ER-resident CCDC134 safeguards TLR4 maturation by maintaining gp96 stability

Article

Bai, Yang; Zhang, Chao; Liu, Hao; Deng, Fan; Wu, Zeyu; Deng, Wanyan; Zheng, Zengzhang; Min, Rui; Mei, Shenglin; Kang, He; Yu, Huiqing; Pan, Youdong; Lieberman, Judy; Zhao, Jingxia; Liu, Xing

Chinese Academy of Sciences; Shanghai Institute of Immunity and Infection, CAS; Chinese Academy of Sciences; University of Chinese Academy of Sciences, CAS; Chongqing Medical University; Tongji University; Virginia Polytechnic Institute & State University; Harvard University; Harvard Medical School; Harvard University Medical Affiliates; Brigham & Women's Hospital; Harvard University; Harvard University Medical Affiliates; Boston Children's Hospital; Program in Cellular & Molecular Medicine (PCMM); Harvard University; Harvard Medical School; Capital Medical University

PROCEEDINGS OF THE NATIONAL ACADEMY OF SCIENCES OF THE UNITED STATES OF AMERICA

0027-14740

10.1073/pnas.2512154122

2025-08-26

Toll-like receptor 4 (TLR4), a pattern-recognition receptor located on the plasma membrane, senses extracellular danger signals to initiate inflammatory immune responses.

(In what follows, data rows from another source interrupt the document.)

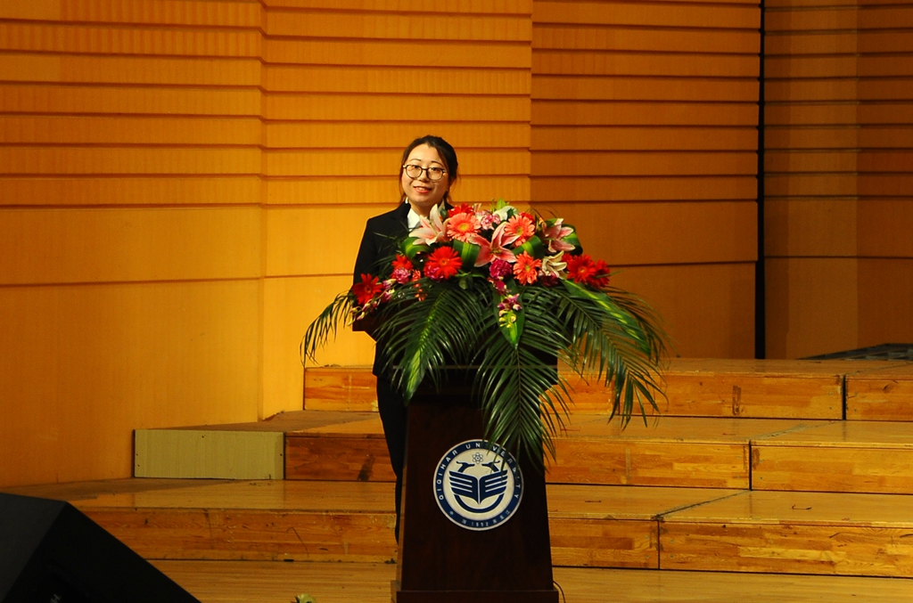 來(lái)自經(jīng)濟(jì)與管理學(xué)院的畢藍(lán)心同學(xué)作為學(xué)生代表在臺(tái)上發(fā)言。
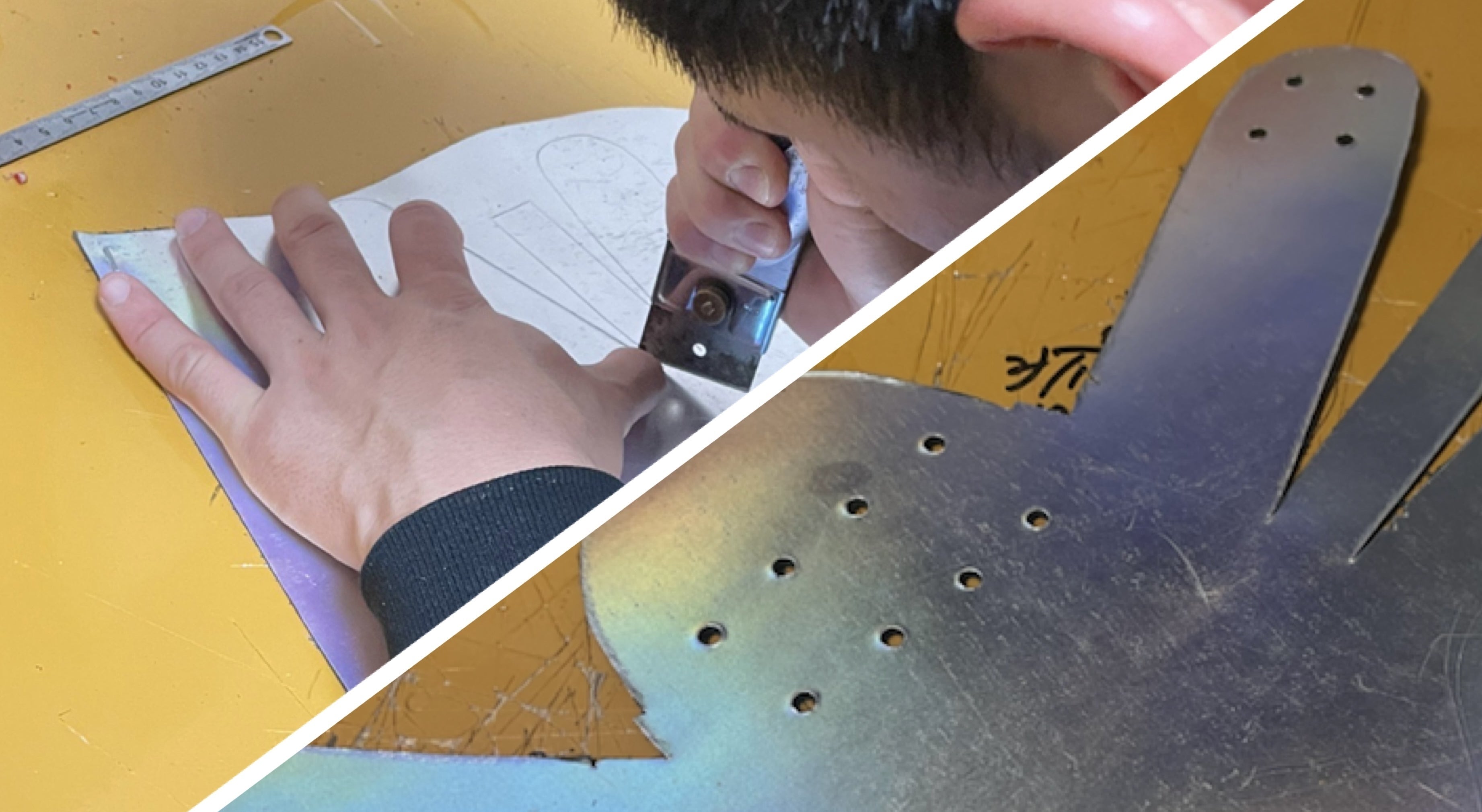 包丁を使った手裁断により一つ一つパーツを切り抜いており、仕上げに至るまで全ての作業を
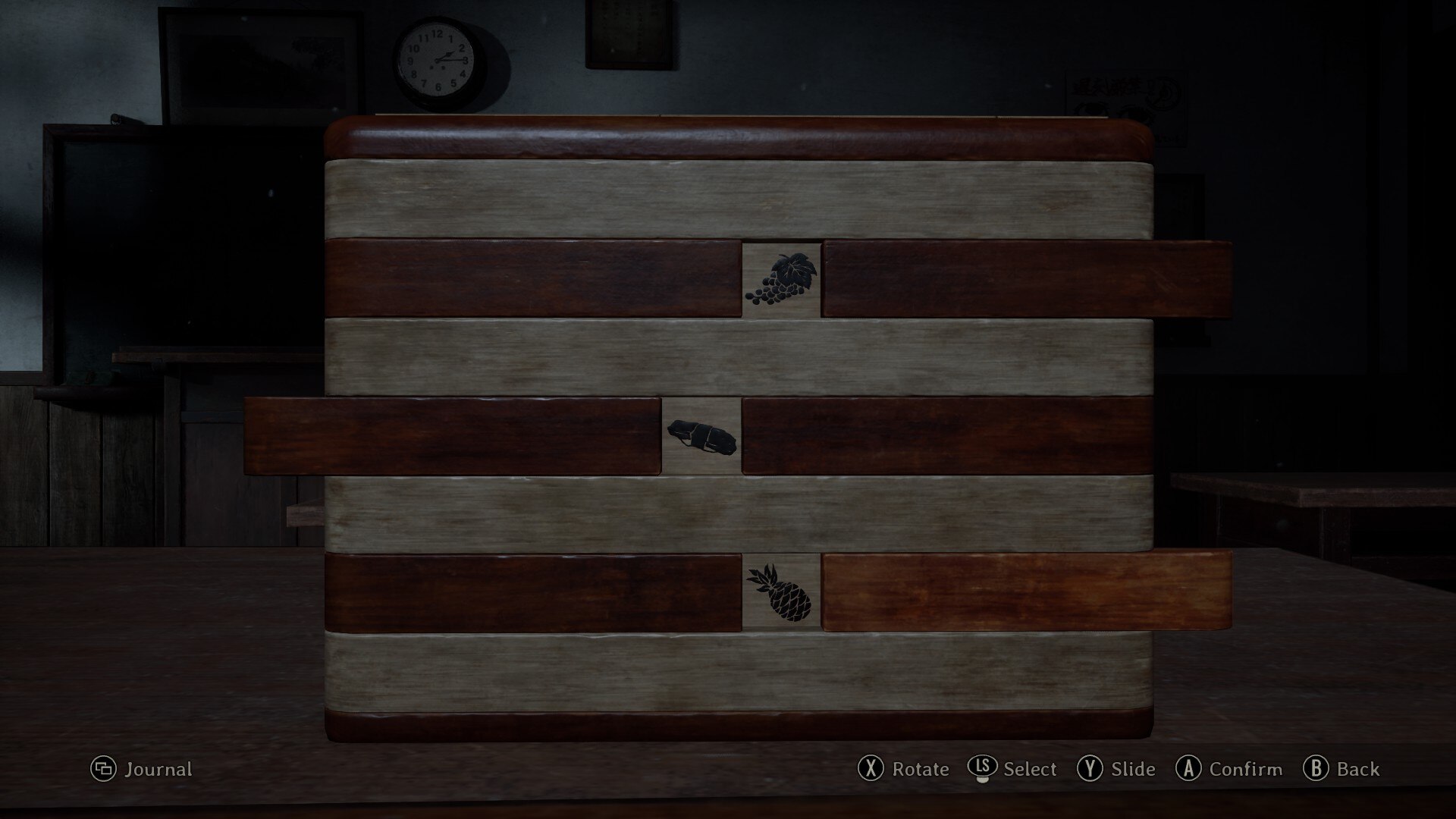 你可以在一封信旁边找到这个盒子,这封信似乎是由集。信中隐约描述了凛子对秀的喜爱和感情,以及她对日菜子的仇恨。这封信也是你解开秘密盒子的唯一线索。该拼图以日本盒子为基础,两侧各有三个锁。每个锁包含两个符号,可以通过水平拉动它们进行交互。

It is initially synthesized in the endoplasmic reticulum (ER), undergoes N-linked glycosylation, and is subsequently transported to the Golgi before ultimately reaching the plasma membrane. However, the mechanisms underlying the processing and maturation of TLR4 in the ER remain elusive. Through whole genome-wide CRISPR screening, CCDC134 was identified as a critical and essential factor for TLR4-dependent inflammatory response. Localization of CCDC134 in the ER lumen rather than its exosome-mediated secretion is required for its role in TLR4 signaling. Loss of CCDC134 results in the retention of TLR4 in the ER for subsequent ER-associated degradation, and thus blockade of TLR4 maturation and plasma membrane trafficking. Defects in TLR4 processing and maturation in the ER in CCDC134-depleted cells are caused by aberrant hyperglycosylation and destabilization of glycoprotein 96 (gp96), a key chaperone of TLR4. These results suggest that CCDC134 controls gp96 glycosylation to facilitate TLR4 maturation in the ER.